### RECORDS FOR THE EXERCISE

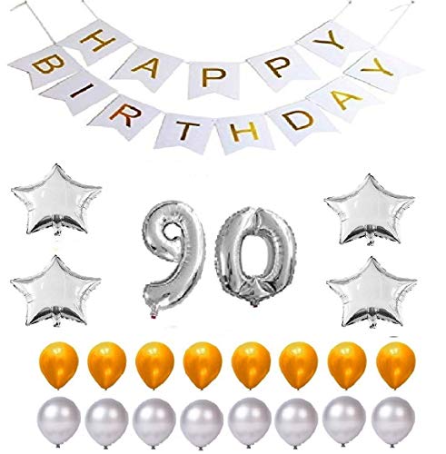 Color:90th year SilverAdd a touch of elegance with these latex Balloons. Picture Perfect for any occasion be it a Brthdayanniversary or any other celebration. Mix and match with other colours or prints for a beautiful bouquet. Beautiful decorations makes a shiny Brthday party full of elegance for KDs and adults. Happy Brthday banner balloons keep your eyes on the theme. These gLosey foil balloons and confetti balloons are suitable for Brthemed parties of all ages party and create a great memories with your KDs family and friends. Lets enjoy a shiny and amazing party
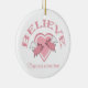 These adorable ornaments feature two cute pigs with wings flying over a pink and white heart under the word "believe". The ornament reads "Dreams come true" (this text can be replaced). Add your own message to the back or delete the text and keep the back blank.
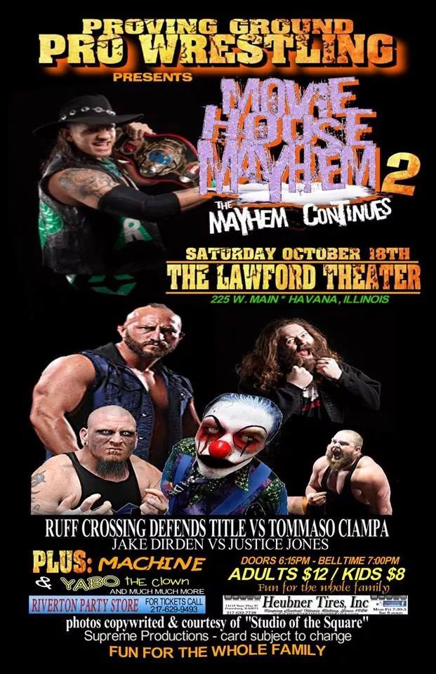 The sequel is set to eclipse the original when MOVIE HOUSE MAYHEM 2 lights up the historic Lawford Theater with Central Illinois’ favorite professional wrestling, Proving Ground Pro!!!
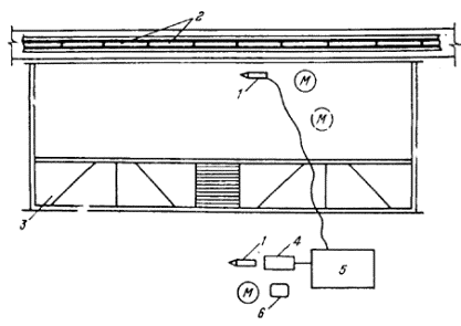 Рис. 11. Схема организации рабочего места монтажников при герметизации стыков 1 - пневмошприц; 2 - ограждение из профильного стекла; 3 - трубчатые леса; 4 - установка для заправки шприцов; 5 - компрессор; 6 - емкость с мастикой; М - монтажники
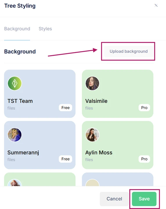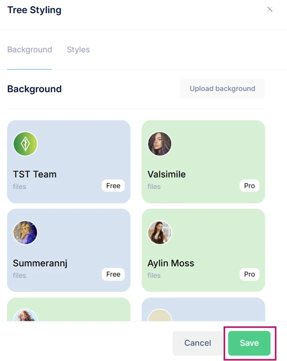 After opening the "Tree Styling" section, you'll land in the "Background" subsection. Here you can choose a background from a variety of pre-made backgrounds created by creators, or upload your own.
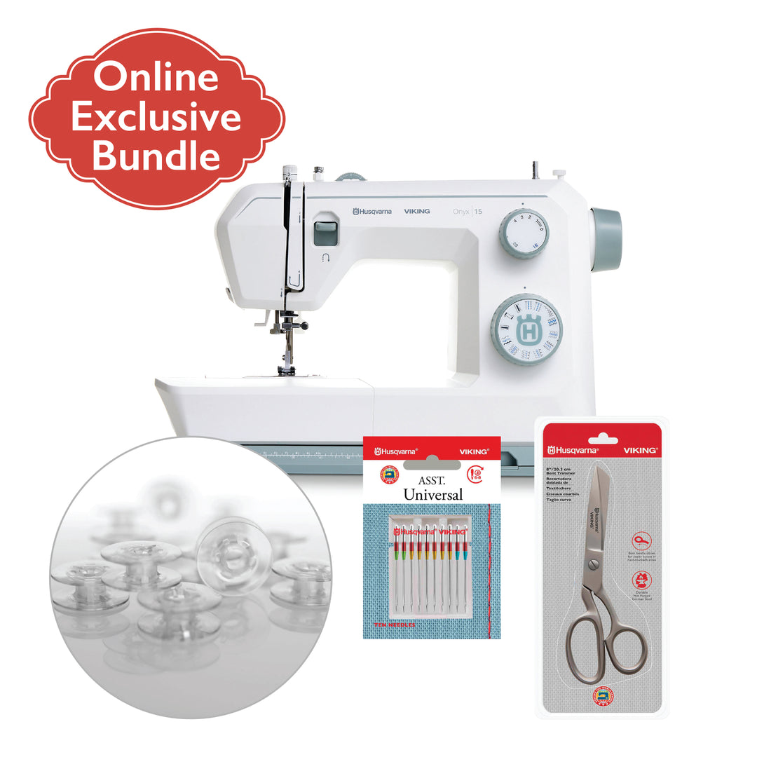Diseñada pensando en los costureros principiantes, esta exclusiva colección incluye herramientas de eficacia probada y la máquina de coser HUSQVARNA® VIKING® ONYX™ 15, repleta de funciones, que le permitirán alcanzar el éxito desde el principio.

### WHAT YOU SHOULD DO
Would you transcribe the lines above exactly, going from the line bearing "Рис. 11. Схема" through the line bearing "After opening the", and drop the pictures from the copy?

### SOLUTION FOR THIS PROBLEM
 Рис. 11. Схема организации рабочего места монтажников при герметизации стыков 1 - пневмошприц; 2 - ограждение из профильного стекла; 3 - трубчатые леса; 4 - установка для заправки шприцов; 5 - компрессор; 6 - емкость с мастикой; М - монтажники
 After opening the "Tree Styling" section, you'll land in the "Background" subsection. Here you can choose a background from a variety of pre-made backgrounds created by creators, or upload your own.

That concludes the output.